**Data block**
———

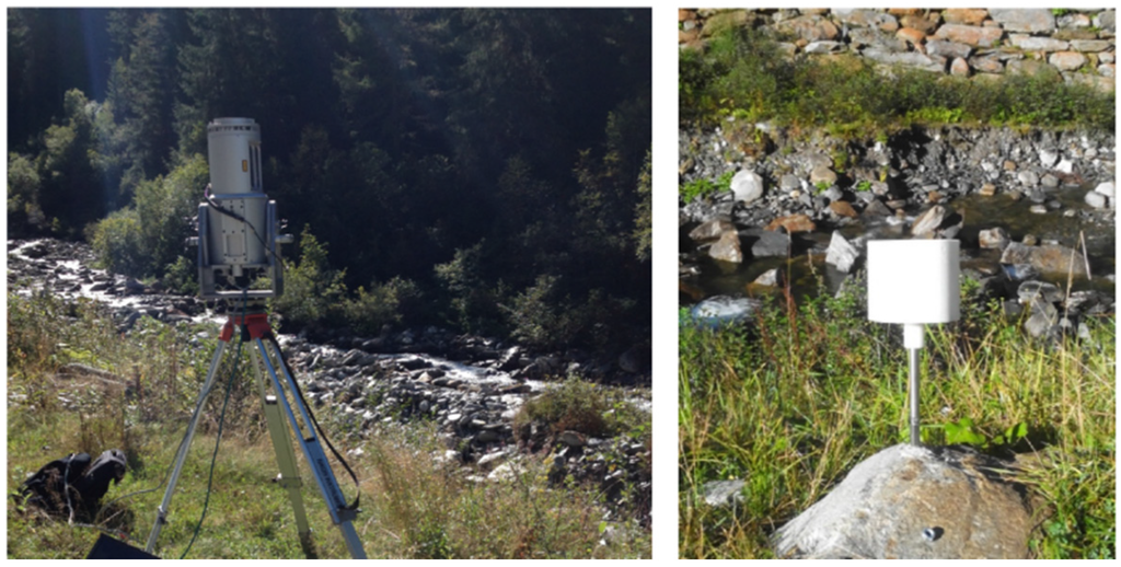 Investigating the spatial and temporal variations of riverbank erosion is a key point in understanding and monitoring the development of rivers as well as for estimating rates of sediment production [19]. Riverbanks in mountain areas are subject to high-energy flows as well as rapidly varying meteorological conditions, which makes them particularly susceptible to different instabilities and erosive activity with possible implications even in terms of flash floods involving large quantities of eroded material and resulting in enormous morphological changes [20,21]. The use of terrestrial laser scanning (TLS) [22,23] has become a well-established practice for detecting riverbank relief changes at different scales [24,25,26,27]. TLS may provide in a straightforward manner a detailed 3-D point cloud describing the topographic surface of the investigated area. By adopting a stable reference frame (e.g., [24,28]), multiple data sets can be compared to detect and map surface changes indicating erosion and/or deposition areas [19,27,29,30,31,32]. In particular, the ground-based location of the adopted laser scanning sensor can be exploited to obtain a suitable view over even steep riverbanks, as opposed to airborne laser scanning (ALS) which may encounter severe limitations to survey vertical banks. TLS exhibits various advantages over the use of other conventional methods such as erosion pins and total station surveying, which cannot provide the same spatial resolution and need longer time for data acquisition (see Section 3.1).
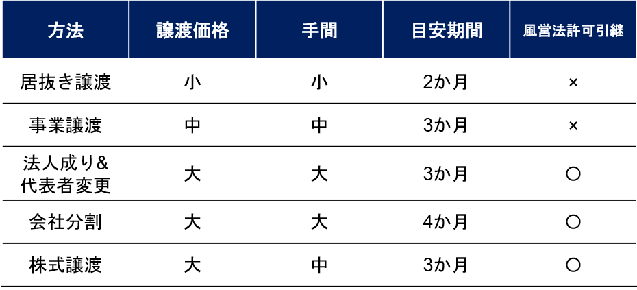 店舗の地域、譲渡額、買主 / 売主の意向を加味してうえで、適切なスキームを選択する必要があります。
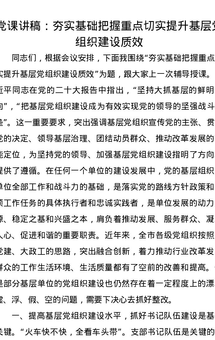 党课讲稿:夯实基础把握重点切实提升基层党组织建设质效
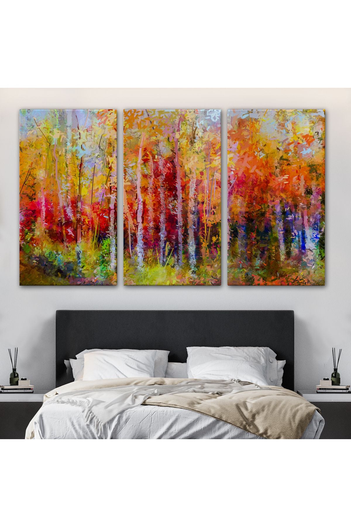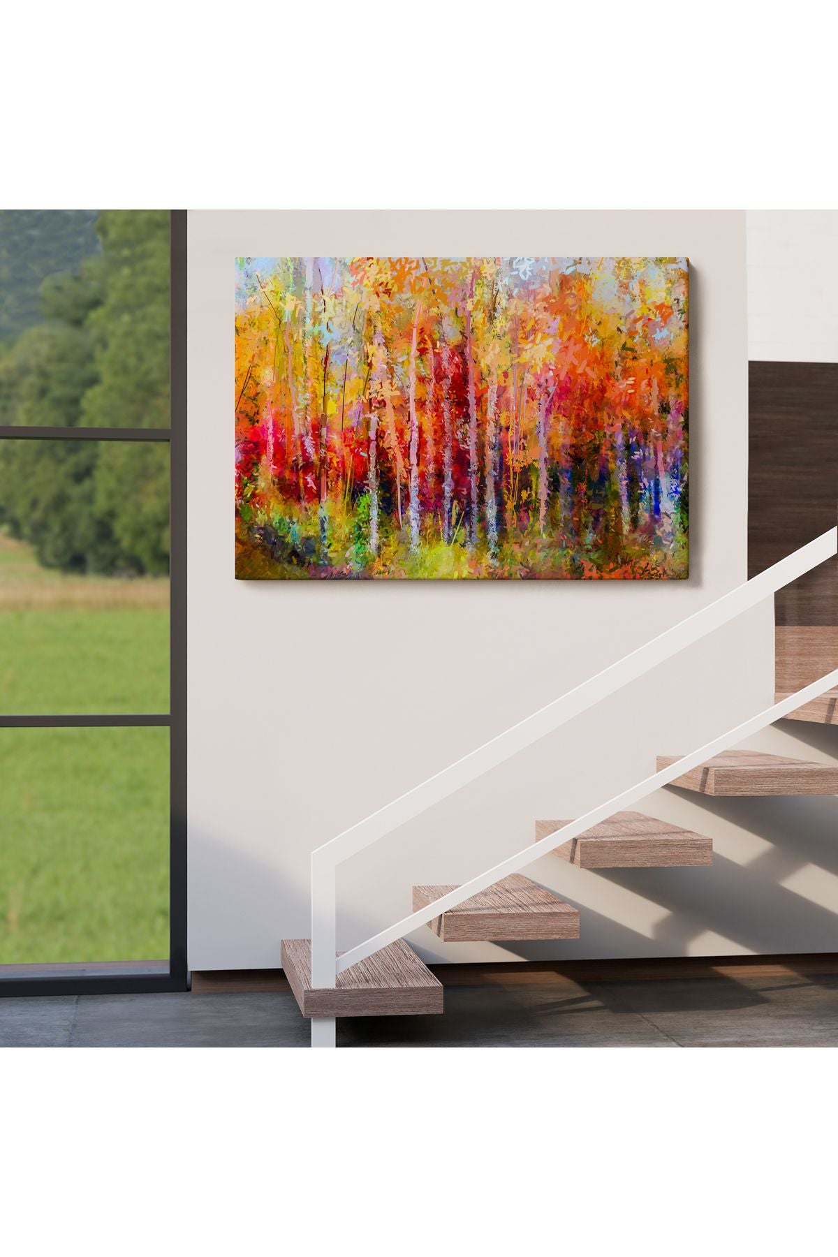 Son Bahar Ağaçları Yağlıboya Görünüm Dekoratif Kanvas Duvar Tablosu-3506

———

**Problem details**
Locate "党课讲稿:夯实基础把握重点切实提升基层党组织建设质效" in the listing above, then print exactly the lines from that line through the final one, omitting all pictures.

**Answer section**
 党课讲稿:夯实基础把握重点切实提升基层党组织建设质效
 Son Bahar Ağaçları Yağlıboya Görünüm Dekoratif Kanvas Duvar Tablosu-3506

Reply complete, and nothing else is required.